Line 342-349: One specific reason for avoiding the less significant GWAS hits in population-level studies is that the linkage phase may be different in different races, a problem that plays no role when comparing individuals within countries. With weak associations, it is not only more likely that the distance between the GWAS hit and the causal polymorphism is larger and linkage is weaker in the European-origin populations that are represented in the GWASs, but it is also more likely that the linkage phase is different in different races.

Line 350-358: You can propose the following more formal procedure for constructing the optimal PGS: Start with the quantile that has the most significant SNPs, and then add quantiles in declining order of genome-wide significance. See whether adding quantiles improves or worsens prediction. Initially, adding quantiles will improve prediction, but after a certain point, adding more quantiles will make prediction worse. At that inflection point you have the optimal PGS.

Line 368-372: Linkage decay by itself will only reduce prediction, and will do so to the same extent in all populations that are descended from the original mutant (assuming the causal polymorphism is younger than the ones with which it is linked). What messes things up is that there were serial population bottlenecks where a rare recombinant may have been the only survivor carrying the derived allele. In that case the descendants of this bottlenecked population will no longer have the original linkage phase. For example, if ancestral Europeans but not Africans went through such a bottleneck, the linkage phase may be opposite in Europe and Africa, and what predicts higher IQ in Europe predicts lower IQ in Africa. Therefore the urgent need for GWASs in non-European populations, both to find the causal polymorphisms (assumed to predict in the same direction everywhere) and to improve genomic prediction for non-Europeans. Eventually, we want “color-blind” polygenic scores that are computed from causal polymorphisms including those that are polymorphic in only some human populations.  

This is an important paper from the cutting edge of molecular genetics. It uses the latest GWAS results to confirm results that had been obtained with earlier data. The paper needs some brushing up. In particular, it is very technical and in its present form is not optimal to make this field accessible to people who are not acquainted with molecular genetics. There are many changes big and small that can and should be made to make the subject more accessible and put it into a broader perspective.

And now the specifics:

Lines 12-14: Not clear. Does “9 SNPs within genomic regions” mean 9 different genomic regions? In same sentence, does the N=2411 refer to the number of subjects in the GWAS, or the number of SNPs contributing to the polygenic score?

Line 20: In both data set(s)? Do you mean both polygenic scores, or gnomAD and 1000Genomes?

Line 38: “…a decent amount of variance” Any more precise way of expressing this, for example “more than 5% to 10% of the variance”?

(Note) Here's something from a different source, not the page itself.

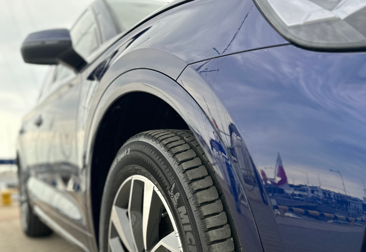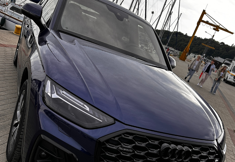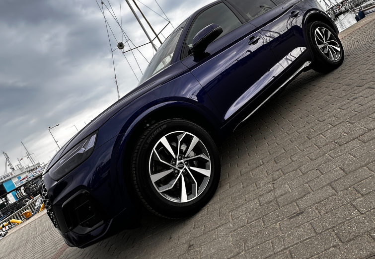 Nowe Audi Q5 i jego lakier w kolorze Navarra Blue zabezpieczona folią PPF w pakiecie Full Body. Folię pokryliśmy powłoką Apollo, dzięki czemu utrzymanie czystości i świeżego wyglądu to bułka z masłem.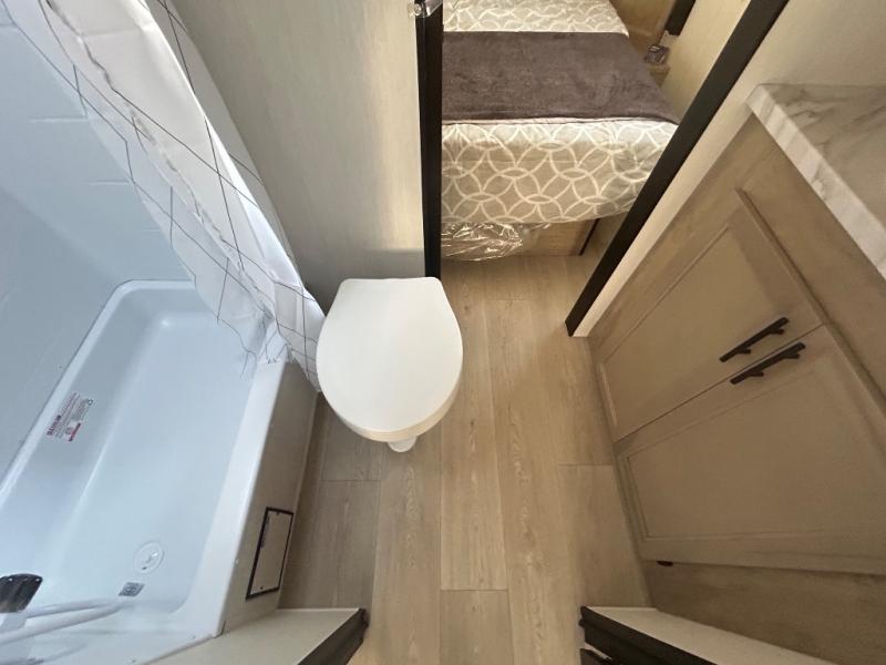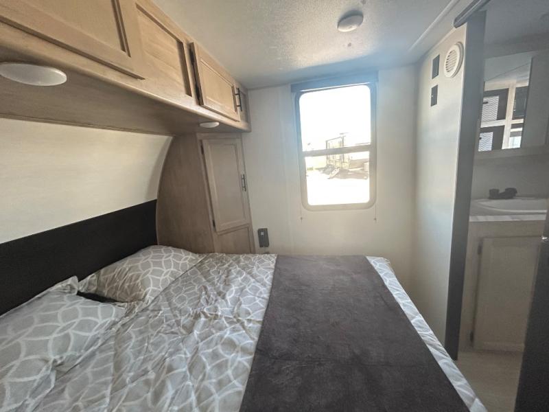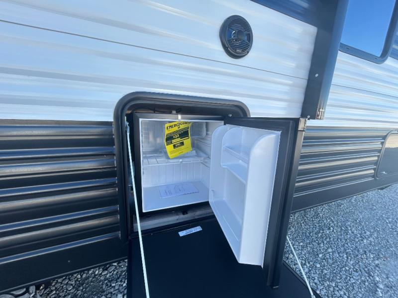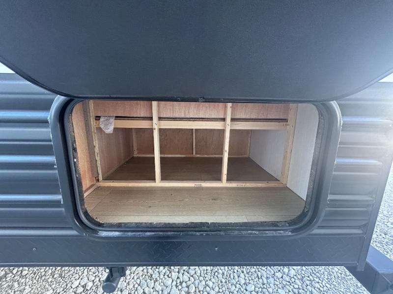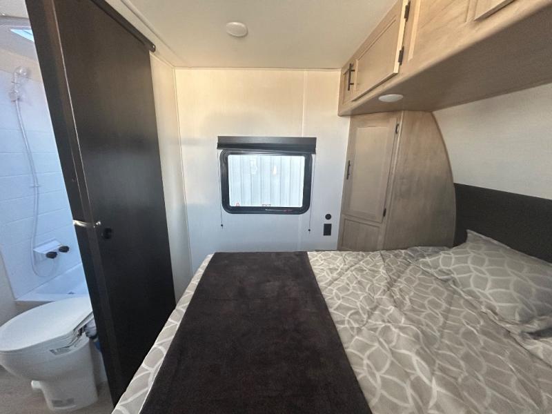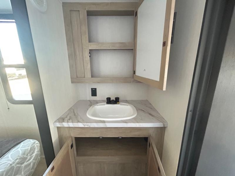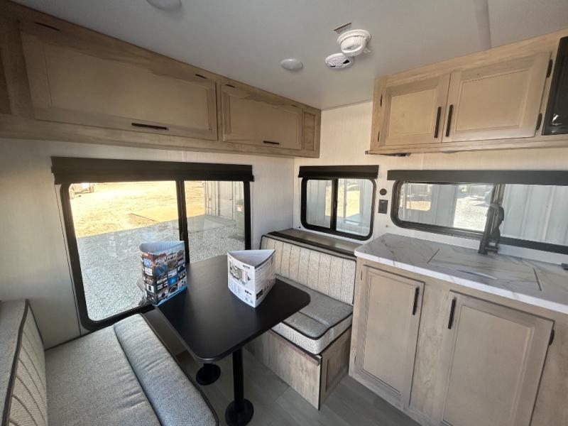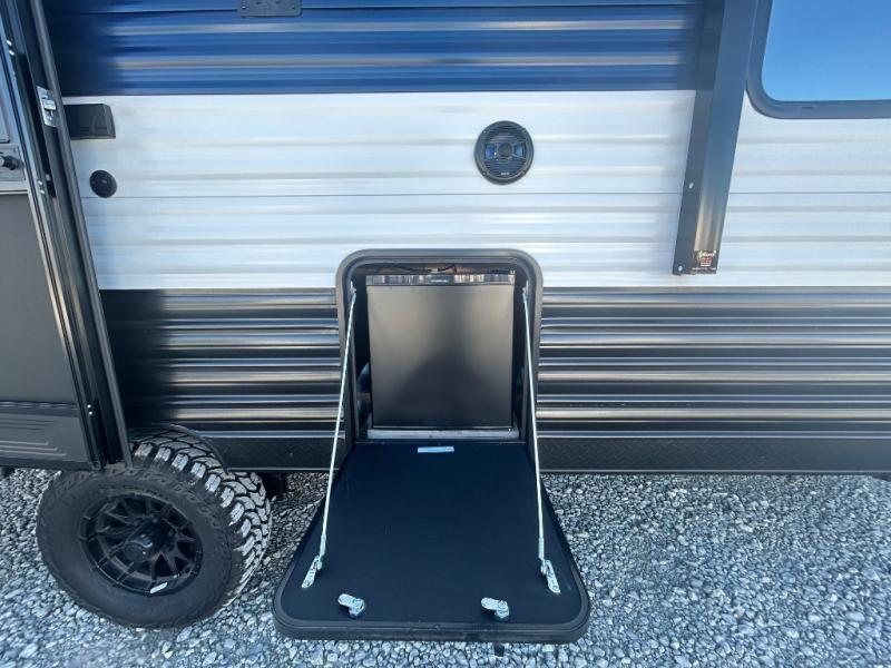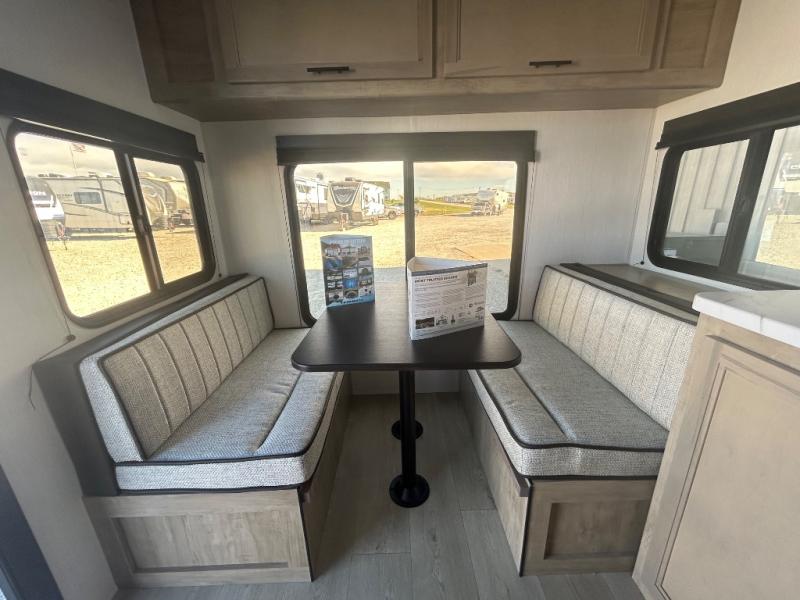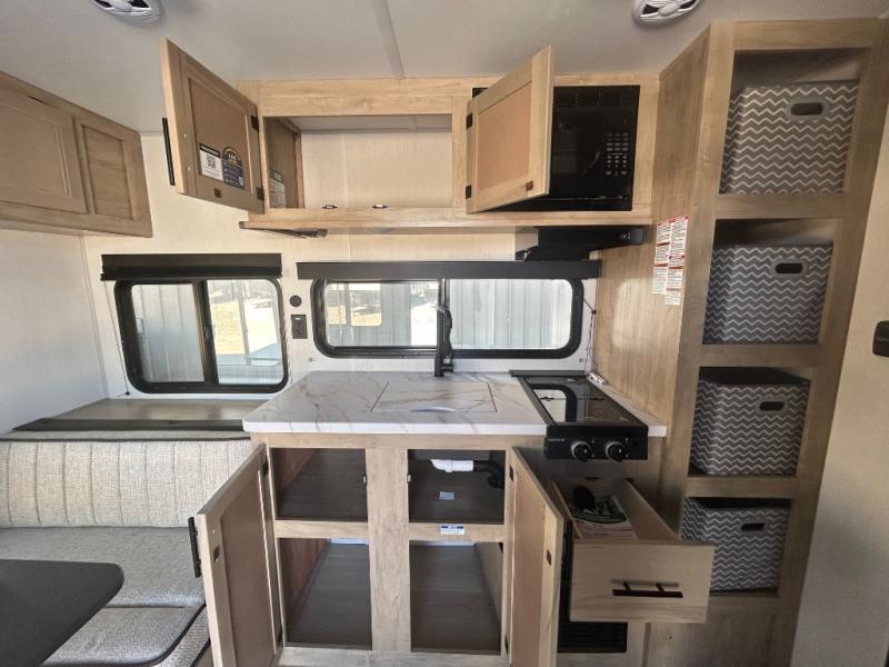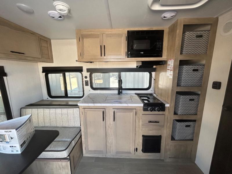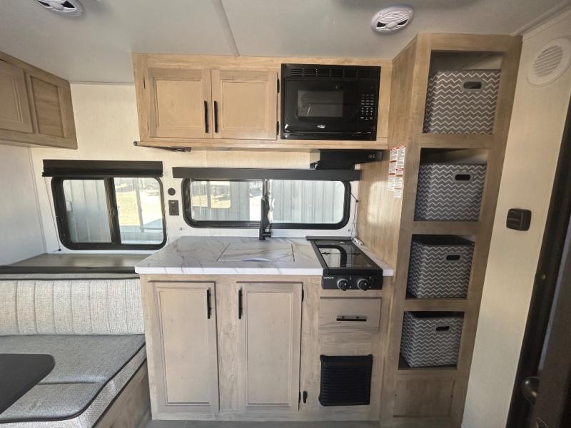 Convenient camping is found with this lightweight travel trailer! Once you arrive at your destination, put out the 15' power awning, then make lunch on the exterior mini kitchen. Inside, you can dine at the booth dinette, freshen up in the tub/shower, and sleep soundly on the queen bed in the master bedroom. And you're sure to find plenty of storage spaces both inside and outside, including a rear storage rack!

Introduction general: Most readers of your article are not molecular geneticists and have only a foggy idea of how genetics works. You should make an effort to make things intelligible for these non-geneticists. For example, you should mention that the GWAS hits are SNPs that in most cases are not causal but are merely linked genetically with causal variants that happen to be located close to the SNP. Most non-experts are not aware of this. More specifically, you should mention some of the limitations of polygenic scores. One is that the subjects in the association studies were overwhelmingly of European descent. This is important for comparisons between countries because some of the non-European genetic variance is missed. Also, the linkage phase can be different in different races.

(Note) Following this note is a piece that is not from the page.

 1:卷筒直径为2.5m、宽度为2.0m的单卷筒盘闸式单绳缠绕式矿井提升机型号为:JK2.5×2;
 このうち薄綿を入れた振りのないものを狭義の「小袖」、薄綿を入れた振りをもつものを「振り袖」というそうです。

Line 91: Give website from which these files were downloaded.

Line 111: How do you get more than 2 million “unlinked” SNPs?

Line 123: In this method, do you use the average Fst values for a large number of SNPs?

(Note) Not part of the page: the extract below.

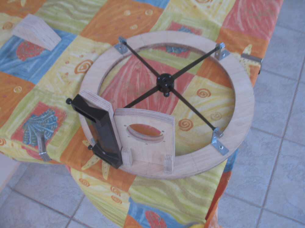 Γειά σας, μετά από πολλή σκέψη και μελέτη αποφάσισα να επιχειρήσω την κατασκευή ενός χειροποίητου dob τηλεσκοπίου με αντιστηρίγματα χρησιμοποιώντας το κάτοπτρο ενός 10ιντσου dob της GSO, του οποίου είμαι ήδη κάτοχος. Οι κυριότεροι λόγοι που με ώθησαν στο συγκεκριμένο εγχείρημα είναι καταρχάς η εμπειρία και οι γνώσεις που αποκομίζεις από μια τέτοιου είδους κατασκευή, η ανάγκη αναθέρμανσης του ενδιαφέροντός μου για το συγκεκριμένο χόμπυ, το οποίο λόγω έλλειψης χρόνου είχε ατονίσει το τελευταίο διάστημα, και τέλος κάποιες λειτουργικές ατέλειες που συνοδεύουν, κατά την γνώμη μου, τα μαζικής παραγωγής τηλεσκόπια. Εν προκειμένω, ως κάτοχος του GSO, το οποίο είναι κλειστού σωλήνα, με προβλημάτιζαν τα ακόλουθα : α) Η φορητότητα του συγκεκριμένου τηλεσκοπίου. Ο σωλήνας πιάνει ολόκληρο το πίσω κάθισμα στο αυτοκίνητο περιορίζοντας τον χώρο των αποσκευών και κυρίως των επιβατών κατά τις εξορμήσεις π.χ. στον Πάρνωνα. Επίσης, αν και 10ιντσο, η βάση του είναι αρκετά ογκώδης για το πορτ-μπαγκάζ. β) Παρά την πολύ καλή κίνηση στο αζιμούθιο και τον ευρηματικό μηχανισμό που διαθέτει για την ρύθμιση του κέντρου βάρους κατά την αυξομείωση βάρους στο μπροστινό μέρος, όταν το βάρος των παρελκομένων ξεπερνάει ένα όριο, η κίνηση καθ'ύψος γίνεται νευρική και δεν μπορεί να ισορροπήσει εύκολα. γ) Το υπερμεγέθες δευτερεύον κάτοπτρο των 63 mm, το οποίο ναι μεν (σύμφωνα με τo newt for the web) δίνει ένα πλούσιο 100% illumination field της τάξεως των 0,65-0,70 μοιρών (ότι πρέπει για deep-sky παρατήρηση), ωστόσο προκαλεί μια κεντρική παρεμπόδιση 25% στο πρωτεύον κάτοπτρο. Επομένως, η ιδέα ανακατασκευής του σε μορφή Truss Dobsonian γεννήθηκε από την προοπτική της ευκολότερης μεταφοράς του, καθώς θα μπορεί να σπάει σε 3 μέρη, αλλά και από την δυνατότητα παρέμβασης και βελτίωσης, έστω και θεωρητικά, κάποιων λειτουργικών παραμέτρων. Η γενική διαδικασία κατασκευής που ακολουθώ, έχει περιγραφεί αναλυτικά και εκτενώς από τους Μανούσος και ioannisb στα αντίστοιχα post των καταπληκτικών κατασκευών τους : http://www.astrovox.gr/forum/viewtopic.php?t=17643 http://www.astrovox.gr/forum/viewtopic.php?t=16285 http://www.astrovox.gr/forum/viewtopic.php?t=18481 Επίσης, βασίστηκα και σε άλλες παρόμοιες σελίδες χειροποίητων κατασκευών στο internet, μεταξύ των οποίων, ως προς την επεξήγηση των βημάτων και την λεπτομέρεια, ξεχωρίζω την ακόλουθη : http://www.reinervogel.net/index_e.html Για τα ξύλινα μέρη του τηλεσκοπίου χρησιμοποιείται κόντρα πλακέ θαλάσσης τύπου σημύδας πάχους 15 mm. Η σύνδεση του άνω κλωβού με το mirror box θα γίνει με αντιστηρίγματα από σωλήνες αλουμινίου Φ18 (και πάχος τοιχώματος 2 mm). Στη συνέχεια θα αναφέρω κάποιες σχεδιαστικές παραμέτρους του υπό κατασκευή τηλεσκοπίου : ΑΝΩ ΚΛΩΒΟΣ Αποτελείται από μία κυκλική στεφάνη εσωτερικής διαμέτρου 28,5 cm και εξωτερικής 36 cm. Με τη βοήθεια του newt for the web, επιλέχθηκε η ελάχιστη δυνατή εσωτερική διάμετρος ώστε ο εστιαστής να είναι όσο το δυνατόν εγγύτερα στο δευτερεύον κάτοπτρο χωρίς ωστόσο να έχω vignetting στην είσοδο του τηλεσκοπίου. Για να μειώσω την κεντρική παρεμπόδιση από το δευτερεύον στο 20% (από το 25% του εργοστασιακού), εξασφαλίζοντας ταυτόχρονα ένα ικανοποιητικό 100% illumination field γύρω στις 0,5-0,6 μοίρες αποφάσισα να αγοράσω ένα καινούριο δευτερεύον των 50 mm με Hilux επιστρώσεις από την Orion Optics UK, καθώς και έναν low profile 2'' helical focuser από την Kineoptics. Παράλληλα, θεωρητικά τουλάχιστον, αυτή η αντικατάσταση του δευτερεύοντος θα αυξήσει την ολική reflectivity του τηλεσκοπίου από το 94*92= 86,5% ( από το σ

Line 124: “PGS distances were employed as the index of genetic distance”. Here, better add that this is genetic distance for the education-relevant polymorphisms, while the Fst (averaged across many loci) is a measure of genome-wide genetic distance, if that’s what it means. The point, as I understand it, is to compare these two kinds of genetic distance, with mismatches indicating selection acting on education-related genetic variation. Make sure readers get that point.

Figure 1: This would look better as a table, unless you can get better quality of reproduction for this figure.

Lines 149-156: A lot of acronyms are used here that force the reader to read back at least 1 or 2 sentences. Try to make this easier to read either by spelling out things (e.g., “cognitive performance” instead of CP) or, at least, by putting (CP) after first mention of cognitive performance.

Figure 3: Indicate in the figure legend that this is the unweighted polygenic score.

Lines 162-169: Here you describe the correlations of the different polygenic scores with each other and with national IQ. This is indeed important, but somewhere in your paper you should place this into a broader perspective by mentioning how many of the 2411 SNPs have highest frequency and how many have the lowest frequency in Europe, Africa, East Asia and South Asia. And you should report how many of the individual SNPs have positive correlations with national IQ, and how many have negative correlations (and perhaps, how many are virtually uncorrelated with IQ). The same for the restricted set of SNPs that Lee et al. consider good candidates for being causal. This is to give a crude indication of how much variation there is in the species, and how important differences between populations are relative to total genetic variance. For example, if 80% of SNPs have positive and 20% have negative correlations with national IQ, this would indicate that there are very substantial race differences compared to total variation. Things would look different if, for example, 55% of the SNPs have positive correlations and 45% have negative correlations. Such an observation would show that there is huge total variation in the species but very little of this is related to race. Many non-geneticists don’t seem to realize what a huge amount of genetic variation there is in our species, both common polymorphisms with small effects and rare variants with sometimes large effects. If there is an opportunity to educate your readers about this, make use of it!

Table 2: You should state in the table heading what the dependent variable is in these regressions and the number of cases, in addition to what has been controlled. This table seems to show 3 regression models. Make horizontal lines to separate them, otherwise readers get confused.

Line 205: Acronyms! What is BEB, for example? Better spell out the four population names.

Line 215: Are these genome-wide significance values for the SNPs?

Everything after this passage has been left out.